Your prescribing doctor deals with hundreds of patients a year and you can be sure they’re desensitized to the effects of the medication they prescribe. This is why it’s important to press your prescribing doctor a little more before you’re sent to accounts to settle the consultation fee:
Ask more questions.
- Ensure you know how and when to take your medication. Some medication can be dissolved to ensure quicker time to action, which in turn affect show long it stays in your system and the therapeutic affects remain.
- You’ll also need to know whether taking your medication at the same time every day is important and whether taking it with food is beneficial or not.
- Everything on the planet has a side effect. Eat more beans, get more farts. In medicine though side-effects are important. It’s vital that your doctor, at the very least, describes those side-effects that are “very likely” per the medication’s approval leaflets you know what is a mild side effect and what constitutes an emergency
. - Your pharmacist literally has a qualification that means they know their shit about medicine. Take your time at the pick up counter and not leave until you are confident you’re aware of:
- how taking off the shelf medicine interacts with the medicine prescribed,
- what the side effects of the medication you’ve been prescribed are,
- when to make a call to emergency services, and
- for long you should tolerate the side effects before they wane over tine (usually they do).
- Join a support group so you can ask “I’m taking XYZ and has anyone felt ABC?”. It’s classic group theory at work – being a part of one makes you feel less vulnerable and therefore safer. This one is going to be unpopular but consider joining a support group online. /r/Biolar and /r/BiolarReddit I find are wonderful. South African? Here’s a post with local resources I’m putting together,
With all medicine, the question is this: will not taking this medication have consequences better or worse than not having the meds and living with the side effects? If the answer is “no”, then don’t start taking the medication (rather than quitting midway).
Bipolar I doesn’t have to define you
In the first few months after diagnosis it feels that way… it’s not. Your condition is very treatable and you’ll be up with the rest of the pack in no time. There’ll be a few bumps along the road, and that’s OK too.
I’ll always have the extremities of mania and depression. I’ll be better able to manage either side when I take my medication (and on time – NB for me). Learning to know the signs of an impending episode is useful. Make a diary entry for next week titled, “How are you?” for 15 minutes and when the time comes answer yourself honestly so you can take the action you need to take.
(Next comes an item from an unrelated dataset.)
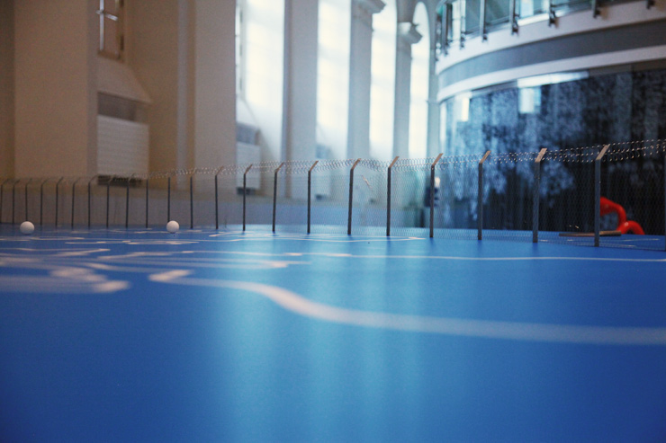 Domo Collective present “Fair Play III” an enormous world map functioning ping pong table with a triple razor wire fence right down the middle. “We play an unhealthy game in which nobody believed to be responsible.” At Artmossphere 2016 in Moscow. Photo ©Jaime Rojo

Knowing what triggers set off a particular mood. This is very, very difficult to achieve: usually life being life is a trigger.
Research. Research every day! Only in recent (medical) history are we even beginning to understand BP. Literally every week there is new research for you to read up. Avoid summaries in the press or an online ‘journal mill, get the paper itself to read (Google Scholar is useful here). If it’s not free, email the first named author and ask for a copy, or use the filetype:.pdf parameter on google scholar to see if there aren’t other version of the paper available for free.
To move forward, you need to accept your diagnosis and stick to the plan of action, get back on the road of life. The sooner you realize that truth, the sooner you can move forward. if you haven’t got it get – get help and never stop fighting the war!